# Exercise prompt
Start at the line in the entries below that contains "商品名称:摩卡 2024新品凉感丝床笠乳胶凉席三件套 熊仔白", stop at the line that contains "CObject 클래스에 존재하는 OnCollisionEnter 가상 함수를", and output exactly the lines in that span, both ends included.
===== Source information
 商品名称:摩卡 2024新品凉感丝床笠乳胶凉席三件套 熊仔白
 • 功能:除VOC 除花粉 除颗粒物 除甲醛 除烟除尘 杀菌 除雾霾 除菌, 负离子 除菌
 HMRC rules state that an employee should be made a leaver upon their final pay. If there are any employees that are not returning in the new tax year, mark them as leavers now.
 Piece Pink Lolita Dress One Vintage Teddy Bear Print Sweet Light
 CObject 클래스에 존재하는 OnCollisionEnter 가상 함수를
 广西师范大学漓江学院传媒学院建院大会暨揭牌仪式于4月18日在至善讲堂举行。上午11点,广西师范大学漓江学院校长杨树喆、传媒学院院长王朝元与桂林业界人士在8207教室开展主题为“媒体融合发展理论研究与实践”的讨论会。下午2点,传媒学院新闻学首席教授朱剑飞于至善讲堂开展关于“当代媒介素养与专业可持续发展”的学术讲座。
==========
===== Source information
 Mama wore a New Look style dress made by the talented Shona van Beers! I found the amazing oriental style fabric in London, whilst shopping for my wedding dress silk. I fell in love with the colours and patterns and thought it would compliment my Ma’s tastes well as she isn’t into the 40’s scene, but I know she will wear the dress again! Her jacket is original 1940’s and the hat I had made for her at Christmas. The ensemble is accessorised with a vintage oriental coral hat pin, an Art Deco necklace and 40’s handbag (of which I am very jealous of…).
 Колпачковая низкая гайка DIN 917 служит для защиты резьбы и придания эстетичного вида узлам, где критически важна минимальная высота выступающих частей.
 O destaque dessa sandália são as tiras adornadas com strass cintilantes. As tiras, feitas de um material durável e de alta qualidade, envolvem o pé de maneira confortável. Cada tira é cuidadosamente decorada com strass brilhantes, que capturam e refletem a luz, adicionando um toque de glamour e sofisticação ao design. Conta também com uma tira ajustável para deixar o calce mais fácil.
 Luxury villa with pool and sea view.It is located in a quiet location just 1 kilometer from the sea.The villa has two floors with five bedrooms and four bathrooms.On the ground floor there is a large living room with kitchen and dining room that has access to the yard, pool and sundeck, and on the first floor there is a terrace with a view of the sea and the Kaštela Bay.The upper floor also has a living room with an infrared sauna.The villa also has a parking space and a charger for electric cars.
==========
# Answer
 商品名称:摩卡 2024新品凉感丝床笠乳胶凉席三件套 熊仔白
 • 功能:除VOC 除花粉 除颗粒物 除甲醛 除烟除尘 杀菌 除雾霾 除菌, 负离子 除菌
 HMRC rules state that an employee should be made a leaver upon their final pay. If there are any employees that are not returning in the new tax year, mark them as leavers now.
 Piece Pink Lolita Dress One Vintage Teddy Bear Print Sweet Light
 CObject 클래스에 존재하는 OnCollisionEnter 가상 함수를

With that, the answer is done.